Hugh Ritson made no effort to detain her. He stood before her with downcast eyes, his infirm foot bent under him. "I come to bid you farewell," he said, calmly; "I come to say that we meet no more."

"Would that we had parted forever before we met the last time!" said Greta, fervently.

"Would that we had never met!" said Hugh, in a low voice.

"That was a lie with which you parted me from my husband," she said.

"It was—God forgive me."

"And you knew it was a lie?" said Greta.

"I knew it was a lie."

"Then where is your shame, that you can look me in the face? Have you no shame?" she said.

"Have you no pity?" said Hugh.

"What pity had you for me? Have you not done me wrong enough already?"

"God knows it is true. And He knows I am a miserable man. Have pity and forgive me, and say farewell!"

Something of contrition in the tone touched her. She was silent.

"The preacher was wrong," he said. "There is no spirit of evil. We are betrayed by our own passions, and the chief of those passions is love.
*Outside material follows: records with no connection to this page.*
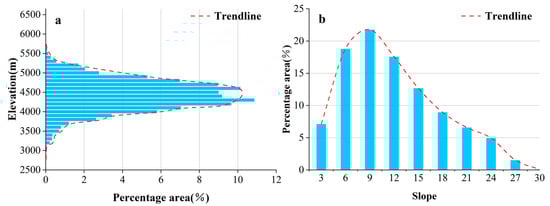 Proportion (%) of debris cover area changes under different (a) elevations and (b) slopes.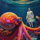 "Ocean’s Silent Captive" - Portrait de pieuvre coloré. Dans un monde océanique surréaliste, une pieuvre géante regarde un homme seul piégé dans un bocal de verre. Cette scène évocatrice explore les thèmes de l'enfermement, de l'immensité de la nature et de la fragile barrière entre liberté et captivité. Les couleurs vives et les détails complexes invitation une profonde réflexion sur la vulnérabilité humaine sous les vagues.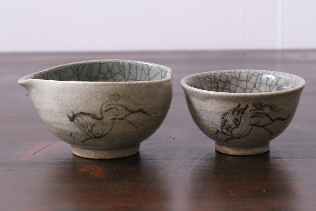 ラフジュ工房> 和食器・茶道具> 急須・湯吞み > 昭和中期 田代法橋(清治右衛門) 共箱付き 相馬駒焼 煎茶器セット(急須、湯冷まし、湯呑み5客)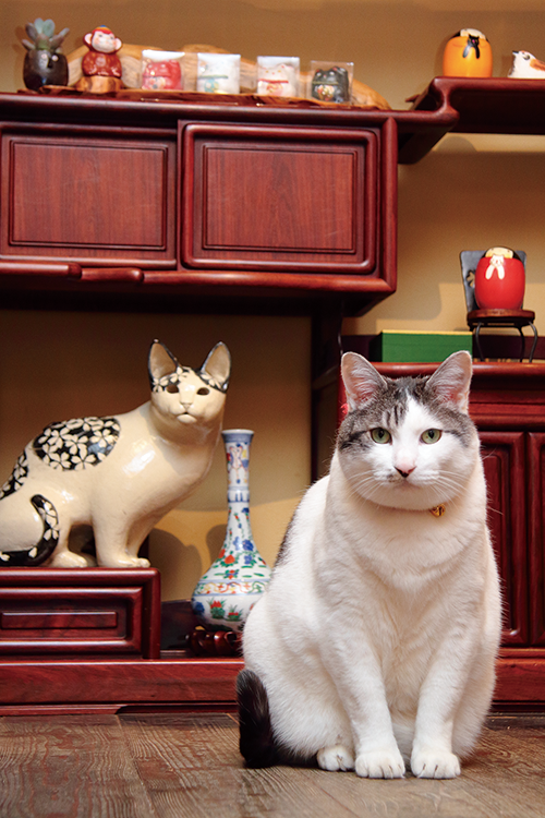 知らなければ通り過ぎてしまうような、でも看板猫の「福くん」(9歳♂)に一度招かれたら、忘れられないお店!店先でどっしり構える7キロの体。思わず置物と見間違えてしまう「招き猫」です。恰幅が良く、まるで大きな豆大福のよう……。ただ座っているだけで、その場に福が満ちていく不思議。圧倒的な存在感に、すっかり心奪われてしまいます。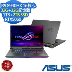 ASUS G614PM 16吋2.5K電競筆電 (Ryzen 9 8940HX/GeForce RTX 5060 8GB/16GB/1TB SSD/幻潮黑/ROG Strix G16)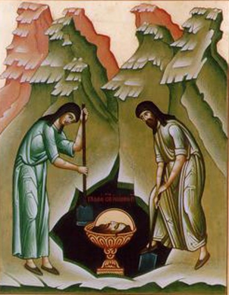 Pentru că se temea că Botezatorul ar putea învia dacă trupul i-ar fi fost îngropat alături de cap, Irod nu le-a dat ucenicilor decât trupul sfântului, care a fost îngropat în Sevastia. Capul a fost îngropat de Irodiada în curtea sa, la mare adâncime.
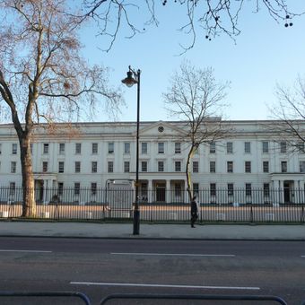 The Wellington Barracks complex stretches between Birdcage Walk and Petty France, featuring classical architectural elements and a central parade ground.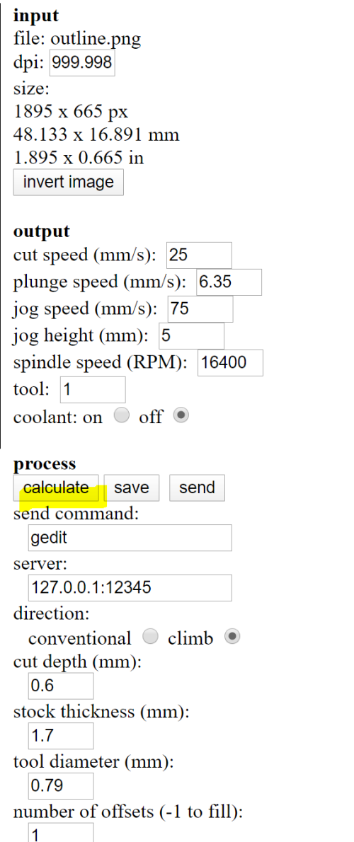 Finally, select “Calculate” under “Process,” and this will calculate the toolpaths for you. Hit “Save” and your files will be saved. Repeat the process with the Trace file (note; select 1/64th under “Process”). And you will have both the files you need.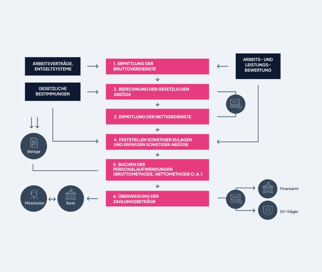Um das Potenzial Ihrer Mitarbeiter voll auszuschöpfen, müssen Sie eine Analyse der Prozesse Ihrer Entgeltabrechnung durchführen. Dazu gehören alle vorgelagerten Prozesse der Entgeltabrechnung. Doch auch die nachbereitenden entgeltrelevanten Tätigkeiten müssen bei der Analyse berücksichtigt werden. Nur so können Sie schnell und zielsicher den Optimierungsbedarf in Zeit-, Daten- und Fehlzeitenmanagement sowie in allen anderen Prozessen der Entgeltabrechnung berücksichtigen.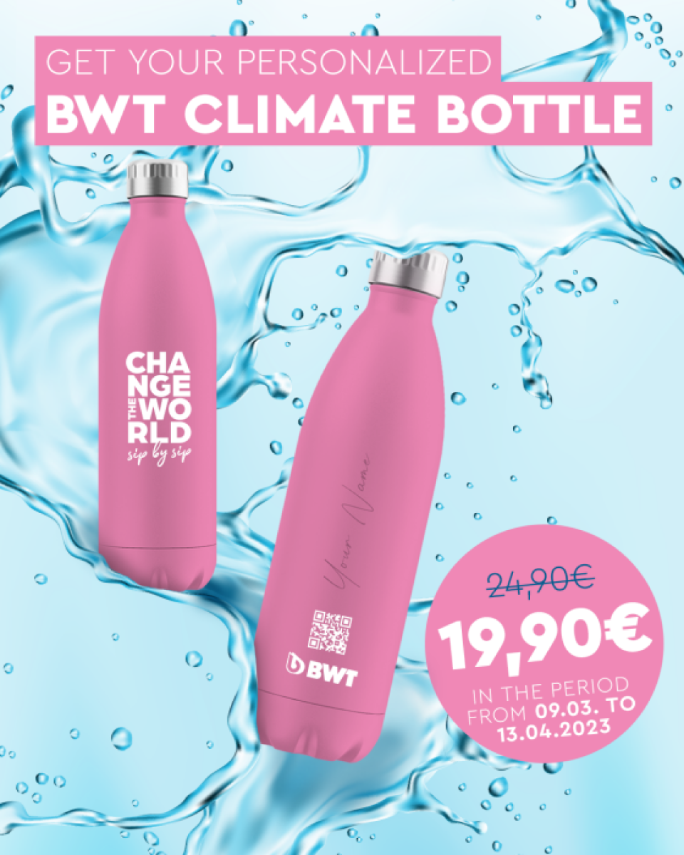 Vi manca una bottiglia BWT? Nessun problema, per tutto il periodo dell’iniziativa BWT offre a tutti la Climate Bottle personalizzabile ad un prezzo speciale cliccando qui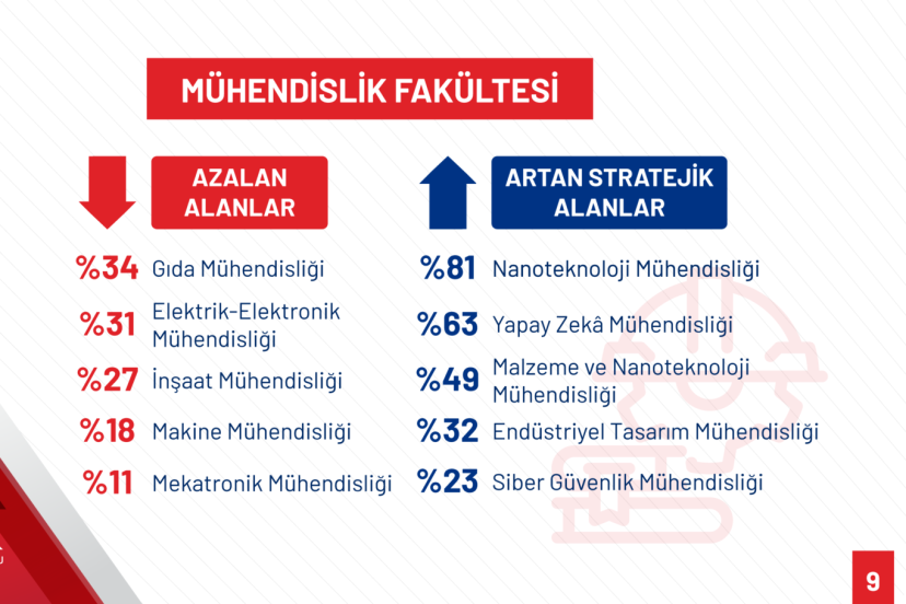 “Yapay Zeka Mühendisliği yüzde 63; Siber Güvenlik Mühendisliği gibi mühendislik programları ile Harita Mühendisliği yüzde 23; Gemi ve Deniz Teknolojisi Mühendisliği yüzde 19; Jeoloji Mühendisliği yüzde 8; Nanoteknoloji Mühendisliği yüzde 81; Gemi Makineleri İşletme Mühendisliği yüzde 4; Otomotiv Mühendisliği yüzde 4; Uçak Mühendisliği yüzde 3; Deniz Ulaştırma İşletme Mühendisliği yüzde 9; Endüstriyel Tasarım Mühendisliği yüzde 32; Malzeme ve Nanoteknoloji Mühendisliği yüzde 49; Orman Endüstrisi Mühendisliği yüzde 16; Gemi İnşaatı ve Gemi Makineleri Mühendisliği yüzde 8; Metalurji ve Malzeme Mühendisliği yüzde 3; Su Ürünleri Mühendisliği yüzde 7.”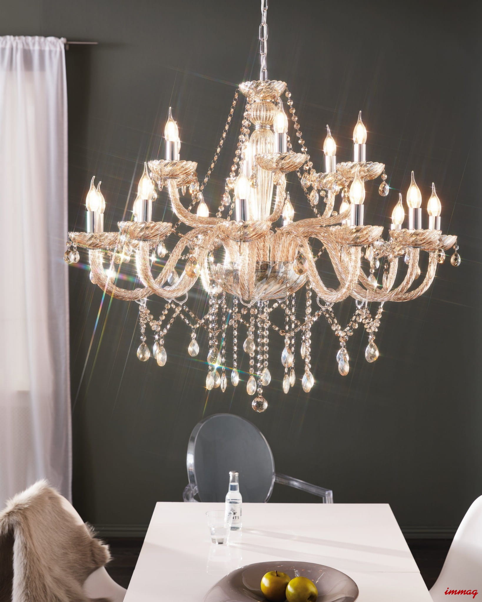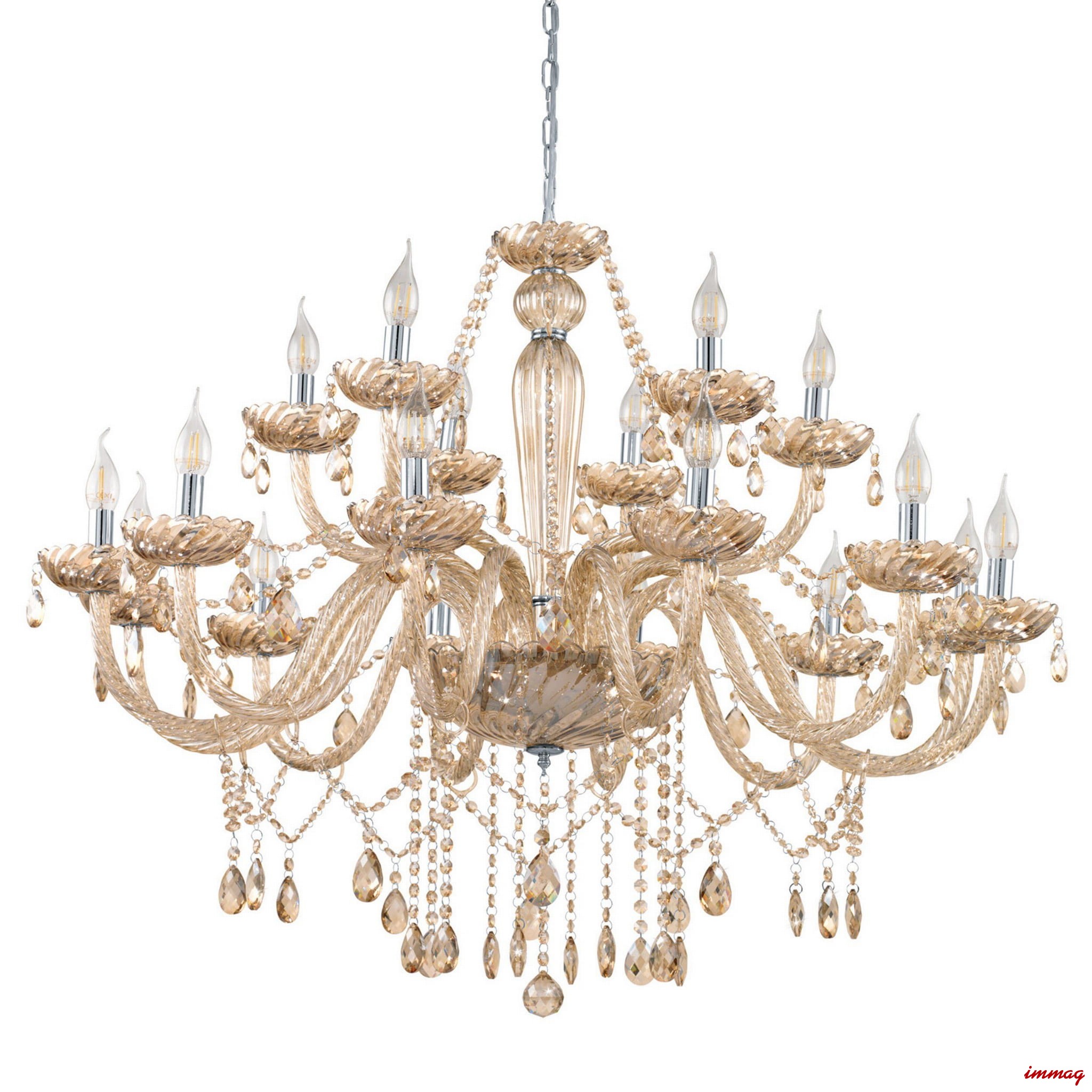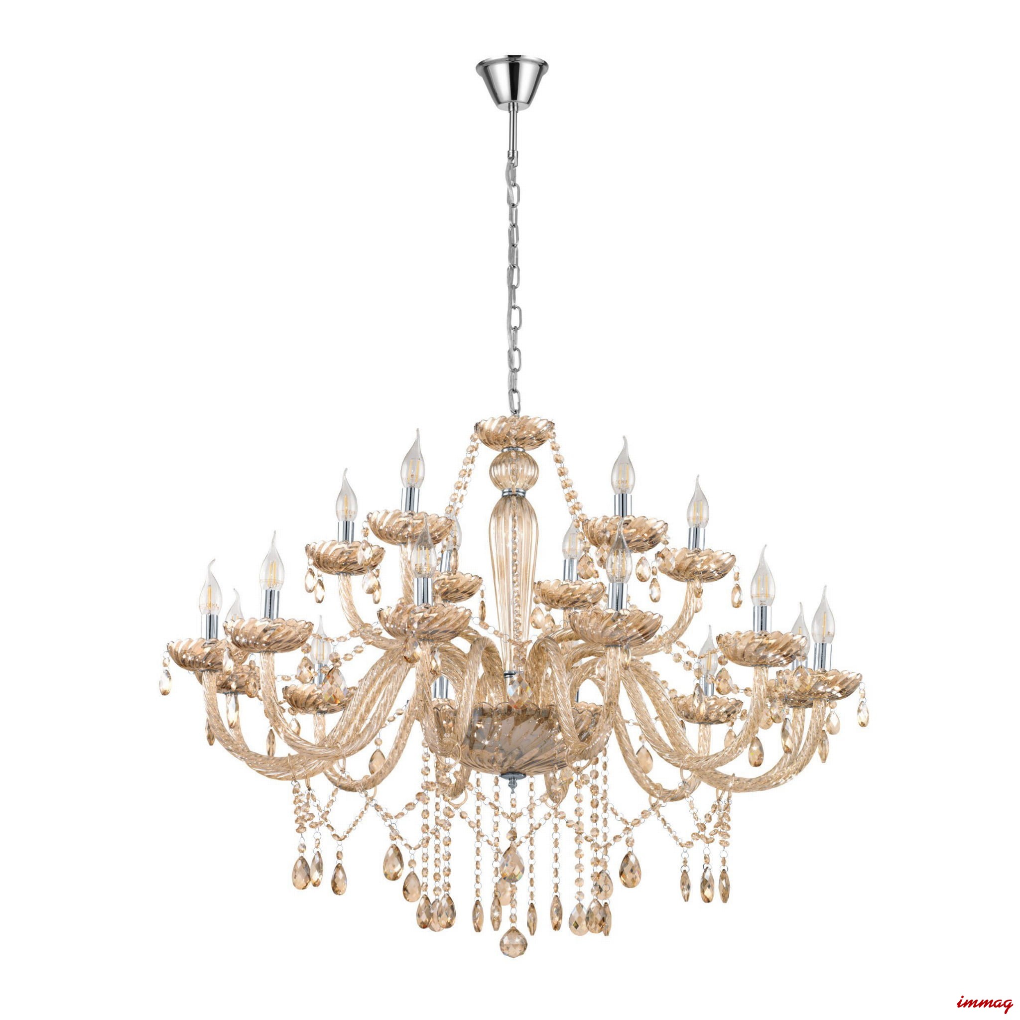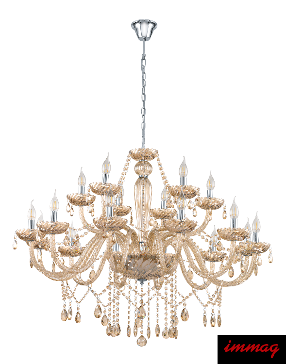 Basilano i Basilano 1 to kolekcja bogato zdobionych żyrandoli, wykonanych z połączenia szykownego chromu z pięknie połyskującym przeźroczystym lub koniakowym szkłem. Dekoracyjnie wygięte ramiona lampy, zakończone płaskim talerzykiem ozdobiono dużą ilością wiszących szklanych paciorków, które podkreślają ich bardzo wytworny, barokowy charakter. Szeroki wybór żyrandoli Basilano pozwala dopasować je do każdego pomieszczenia począwszy od małych gościnnych pokoi po duże, przestronne salony.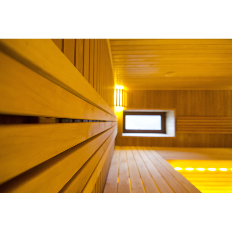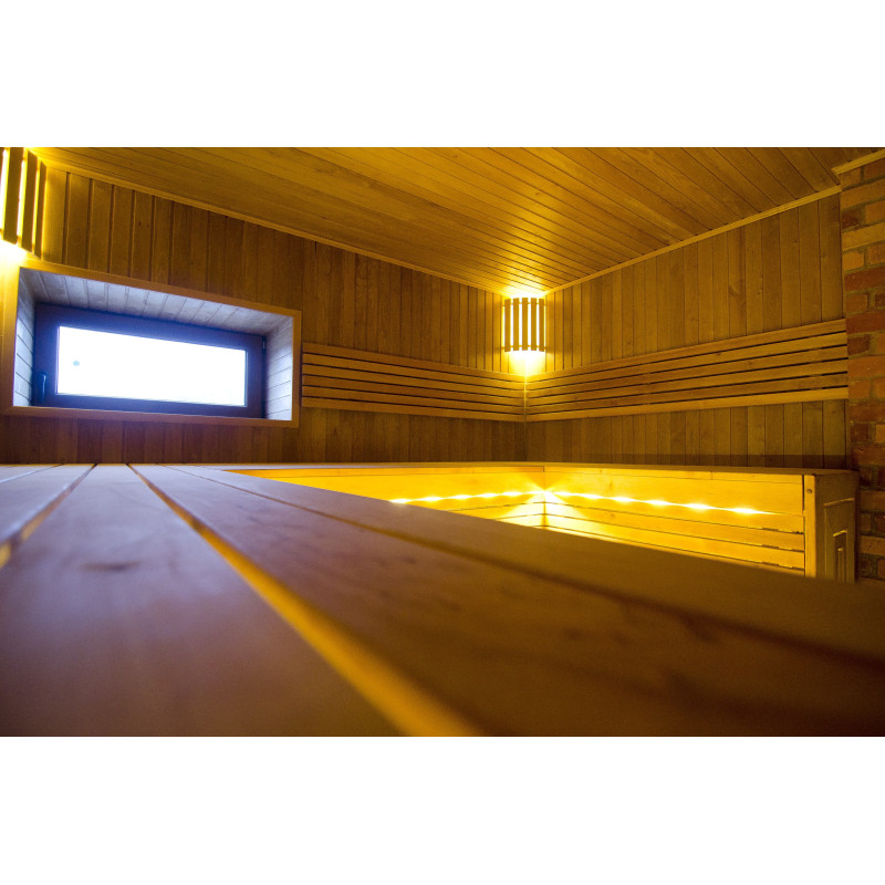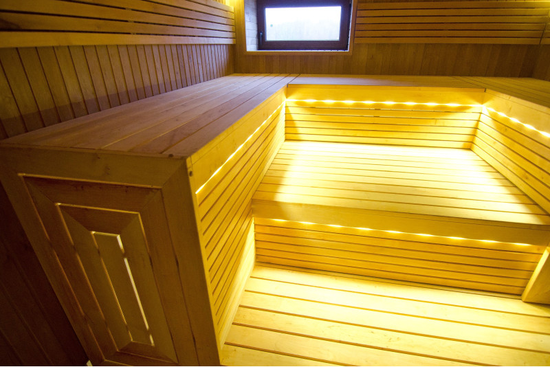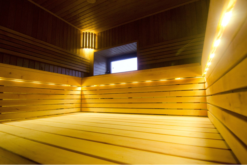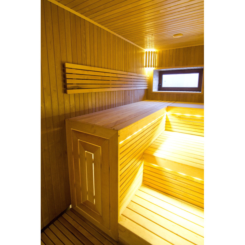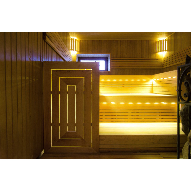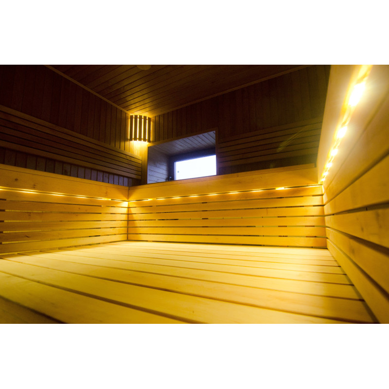 The sauna is equipped with warm-colored LED lighting under the loungers and wall lamps with wooden covers.
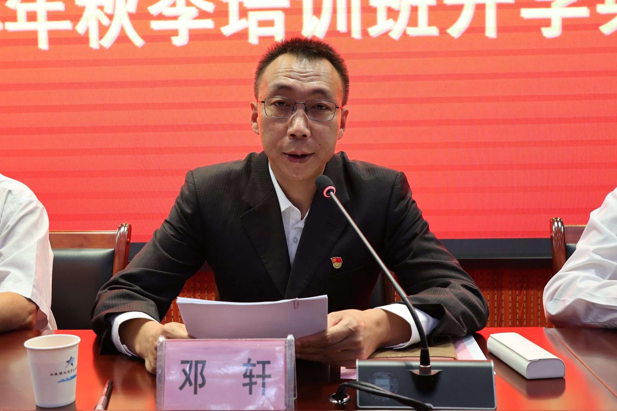 最后,邓轩对全体学员提出了几点要求:一是要求学员们明确培训目的,充分认识党校培训的重要性,端正入党动机,加强对党的百年历史的系统学习和对党的历史使命的深刻理解;二是要珍惜培训机会,全面系统学好党的基本理论,用知识武装头脑、指导实践,筑牢思想根基,锤炼政治品格,坚定爱党、护党、跟党走的决心和信心;三是要坚定理想信念,躬身笃行做新时代优秀青年,要敢想敢为、善作善成,将个人奋斗的小目标融入党和国家事业的大蓝图,进一步汇聚起推动时代前行的磅礴力量,让青春在全面建设社会主义现代化国家的火热实践中绽放绚丽之花。
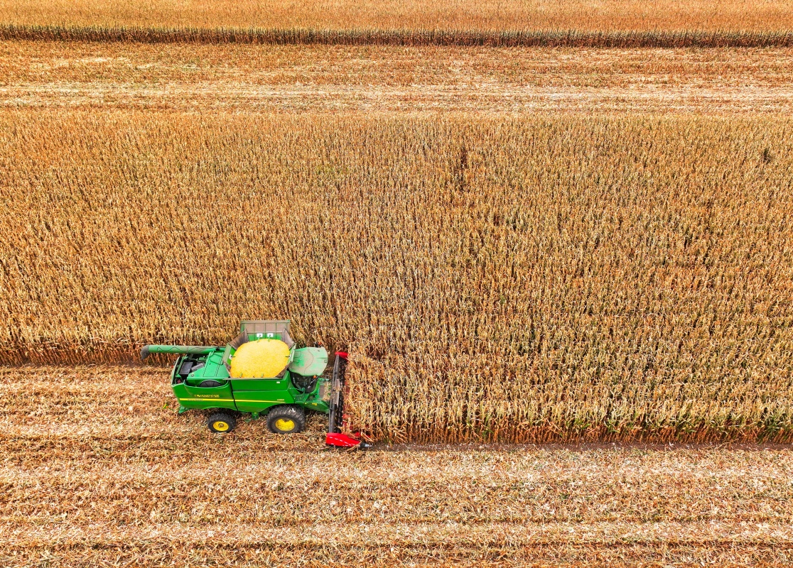 10月14日,在通遼市科爾沁區豐田鎮,農機手駕駛收割機收割玉米(無人機照片)。
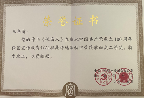 除了导演这一重身份外,王杰清还是广西音乐家协会会员,对音乐有着专业的理解和鉴赏能力。在中央保密办、国家保密局开展的以“党旗飘扬、保密护航”为主题的庆祝中国共产党成立100周年保密宣传教育作品征集评奖活动中,王杰清作品《保密人》荣获歌曲类二等奖,是广西选送歌曲类参赛作品中获得的唯一一个最高奖项。

It is the Nemesis that stalks through the world, haunting all men, and goading some to great wrong."

"It was of your doing that I came here," said Greta.

"Would to God it may be of my doing that you remain here," said Hugh.

"That is a prayer He will not hear. I am leaving this house to-night. There is some one coming who can unmask your wicked falsehood."

"Parson Christian?" said Hugh.

Greta made no answer, and Hugh continued, "His journey is needless. A word from my mother would have done all. She is in this house."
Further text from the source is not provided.